- Exercise prompt
When you write out the listing, keep every character and omit the pictures.

- Data provided

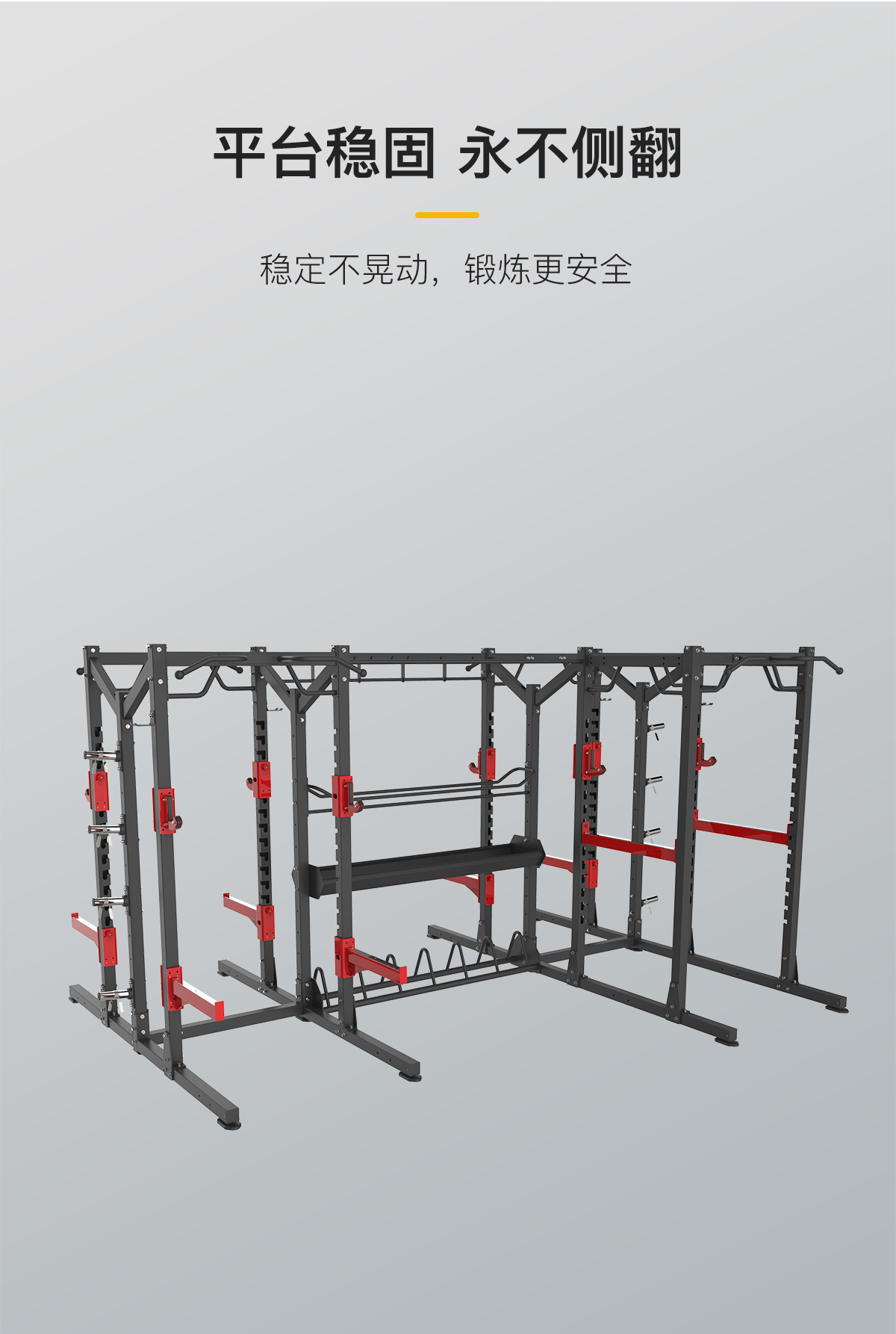 前开放式深蹲架功能模块+多功能深蹲架功能模块+组合单排收纳模块+多功能链接附件+单杠链接附件+杠铃片储存链接附件+自由储存链接附件+球类储存链接附件
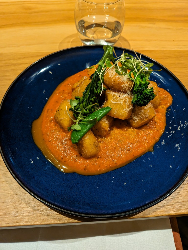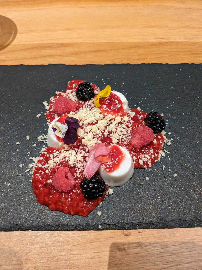 We went to the hotel bar before dinner for a drink and I had a nice locally brewed Skye beer. The ingredients listed Fairy Glen water as an ingredient which is where we were earlier so that felt extra special. For dinner we stayed at the hotel restaurant, Frasers. We just couldn’t imagine eating anywhere else when the food is so amazing. Scott and I shared the smoked scallops for an appetizer. I did not get a picture but the dish was served under a cloche with the delicious smoke trapped underneath. They reveal the scallops at the table. For the main course, I had crispy gnocchi that were like delicious little pillows on top of fresh tomato sauce with green veggies. I finished off the meal with the panna cotta with red fruit sauce. So yummy and light. A perfect way to end our final night in Skye.
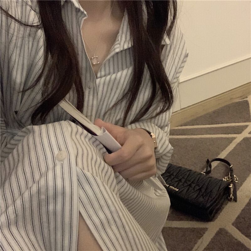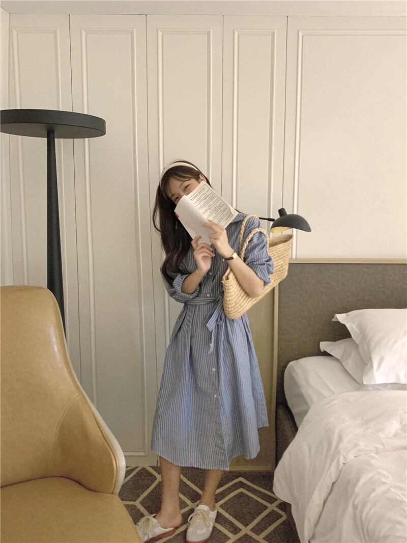 ストライプ シャツ ワンピース ロングスカート シャツワンピース ロング ロング丈 ミディアム丈 長袖 襟付き ストレート Aライン ウエストマーク ウエストリボン ハイウエスト 前開き かわいい 大人可愛い カジュアル 大人 おしゃれ 大人女子 こなれ感 ラフ ラブリー キュート ガーリー ルーズ 存在感 抜け感 柄 格子縞 春 秋 10代 20代 30代 ママ マタニティ 学生 通学 デート お出かけ 公園デビュー 女子会 休日 着回し 普段使い ゆったり サイズ 色展開 白 ホワイト 青 ブルー
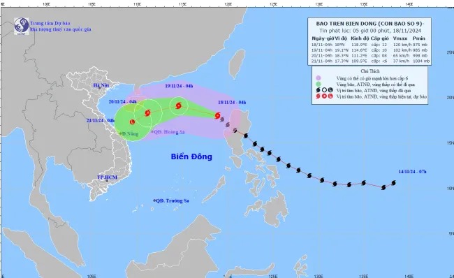 Cụ thể, hồi 4h ngày 18/11, vị trí tâm bão ở vào khoảng 18,0 độ Vĩ Bắc; 118,9 độ Kinh Đông, trên vùng biển phía Đông của khu vực Bắc Biển Đông. Sức gió mạnh nhất vùng gần tâm bão mạnh cấp 11-12 (103-133km/h), giật cấp 15. Di chuyển theo hướng Tây Bắc, tốc độ khoảng 25km/h.
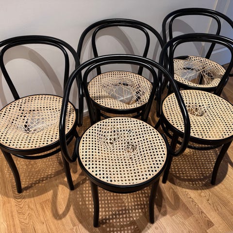 Bra skick men sits av rotting behöver bytas. Thonet märke finns på båda.
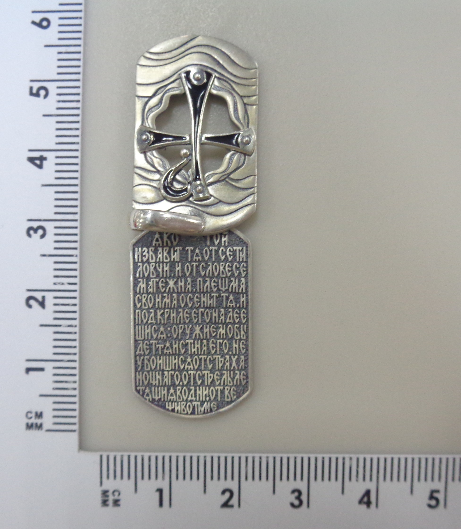 Серебряная подвеска с эмалью "Хризма/Псалом 90"
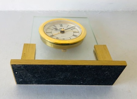 5278 , réveil , en laiton et verre, quartz à pile LR6, aiguilles poire et feuille noires , chiffres romains, trotteuse centrale dorée , non-lumineux , disponible uniquement au catalogue 1997/98 à la page 7. Format 10,2 x 10 x 13,6 cm; Poids: 304 gr.
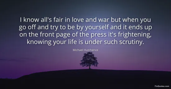 Hutchence, Michael. (2026, January 15). I know all's fair in love and war but when you go off and try to be by yourself and it ends up on the front page of the press it's frightening, knowing your life is under such scrutiny. FixQuotes. https://fixquotes.com/quotes/i-know-alls-fair-in-love-and-war-but-when-you-go-149061/
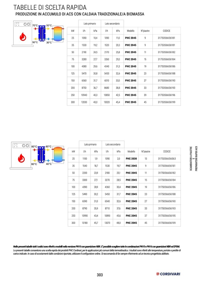 Le presenti tabelle consentono una scelta rapida dei prodotti PHC Cordivari, per le applicazioni più comuni della termoidraulica. I risultati sono riferiti alle temperature, portate e perdite di
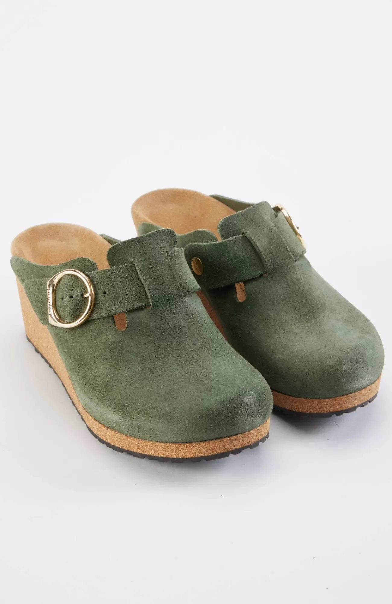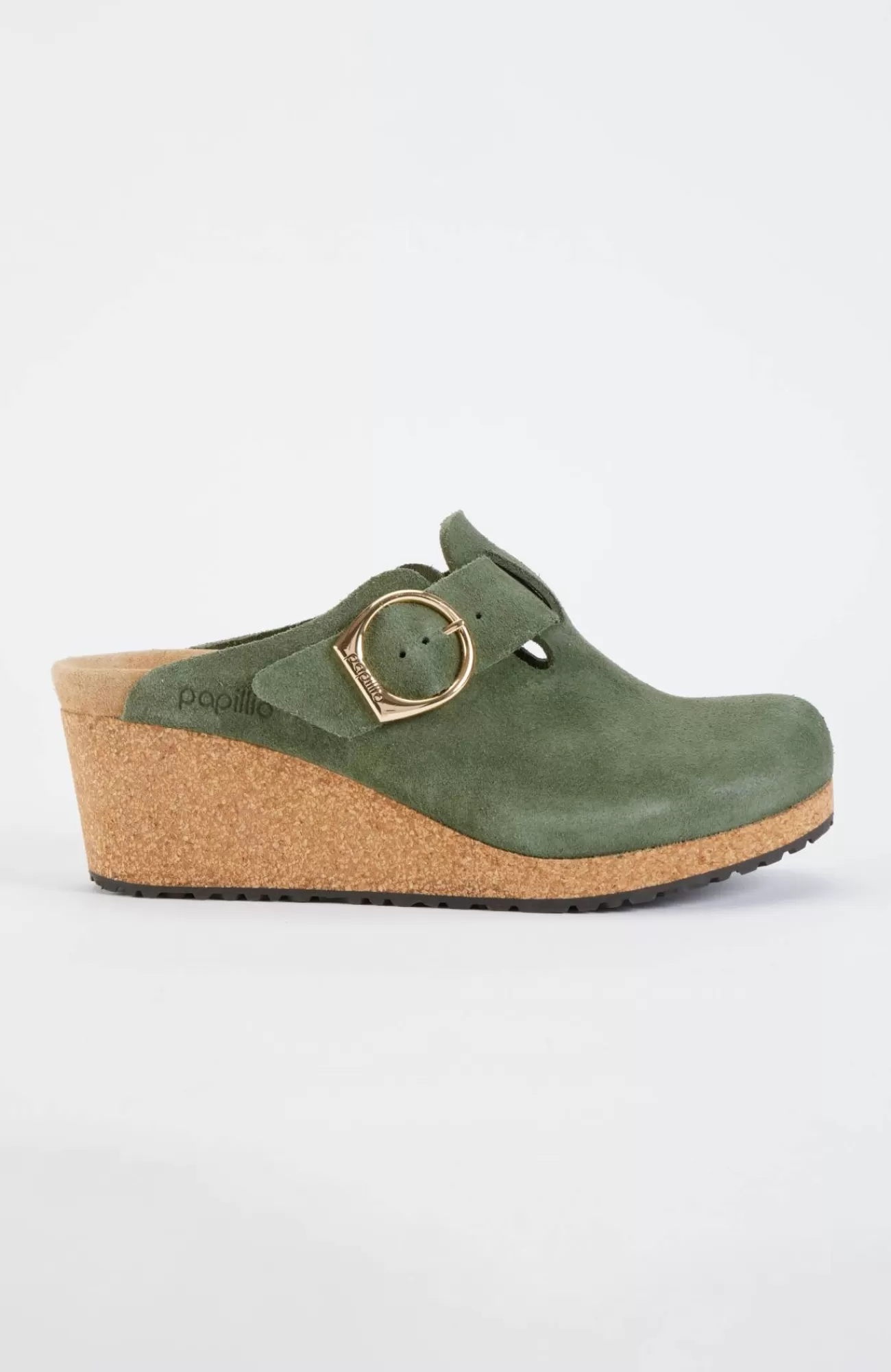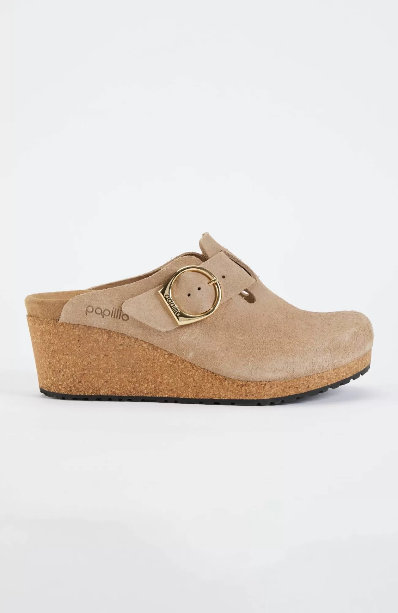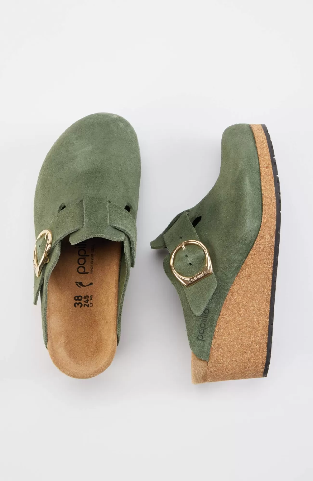 Classic Birkenstock® shoes get their latest update with a featherlight cork heel. Designed with an adjustable buckle, suede footbed, and Birkenstock's signature PU tread, which gives you all-day, lightweight traction.
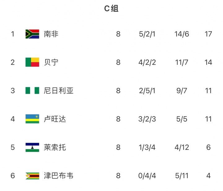 南非队当今排行非洲区C组第一,在被判负后将被扣3分,少5粒净胜球,掉至C组第二。

- Solution
 前开放式深蹲架功能模块+多功能深蹲架功能模块+组合单排收纳模块+多功能链接附件+单杠链接附件+杠铃片储存链接附件+自由储存链接附件+球类储存链接附件
 We went to the hotel bar before dinner for a drink and I had a nice locally brewed Skye beer. The ingredients listed Fairy Glen water as an ingredient which is where we were earlier so that felt extra special. For dinner we stayed at the hotel restaurant, Frasers. We just couldn’t imagine eating anywhere else when the food is so amazing. Scott and I shared the smoked scallops for an appetizer. I did not get a picture but the dish was served under a cloche with the delicious smoke trapped underneath. They reveal the scallops at the table. For the main course, I had crispy gnocchi that were like delicious little pillows on top of fresh tomato sauce with green veggies. I finished off the meal with the panna cotta with red fruit sauce. So yummy and light. A perfect way to end our final night in Skye.
 ストライプ シャツ ワンピース ロングスカート シャツワンピース ロング ロング丈 ミディアム丈 長袖 襟付き ストレート Aライン ウエストマーク ウエストリボン ハイウエスト 前開き かわいい 大人可愛い カジュアル 大人 おしゃれ 大人女子 こなれ感 ラフ ラブリー キュート ガーリー ルーズ 存在感 抜け感 柄 格子縞 春 秋 10代 20代 30代 ママ マタニティ 学生 通学 デート お出かけ 公園デビュー 女子会 休日 着回し 普段使い ゆったり サイズ 色展開 白 ホワイト 青 ブルー
 Cụ thể, hồi 4h ngày 18/11, vị trí tâm bão ở vào khoảng 18,0 độ Vĩ Bắc; 118,9 độ Kinh Đông, trên vùng biển phía Đông của khu vực Bắc Biển Đông. Sức gió mạnh nhất vùng gần tâm bão mạnh cấp 11-12 (103-133km/h), giật cấp 15. Di chuyển theo hướng Tây Bắc, tốc độ khoảng 25km/h.
 Bra skick men sits av rotting behöver bytas. Thonet märke finns på båda.
 Серебряная подвеска с эмалью "Хризма/Псалом 90"
 5278 , réveil , en laiton et verre, quartz à pile LR6, aiguilles poire et feuille noires , chiffres romains, trotteuse centrale dorée , non-lumineux , disponible uniquement au catalogue 1997/98 à la page 7. Format 10,2 x 10 x 13,6 cm; Poids: 304 gr.
 Hutchence, Michael. (2026, January 15). I know all's fair in love and war but when you go off and try to be by yourself and it ends up on the front page of the press it's frightening, knowing your life is under such scrutiny. FixQuotes. https://fixquotes.com/quotes/i-know-alls-fair-in-love-and-war-but-when-you-go-149061/
 Le presenti tabelle consentono una scelta rapida dei prodotti PHC Cordivari, per le applicazioni più comuni della termoidraulica. I risultati sono riferiti alle temperature, portate e perdite di
 Classic Birkenstock® shoes get their latest update with a featherlight cork heel. Designed with an adjustable buckle, suede footbed, and Birkenstock's signature PU tread, which gives you all-day, lightweight traction.
 南非队当今排行非洲区C组第一,在被判负后将被扣3分,少5粒净胜球,掉至C组第二。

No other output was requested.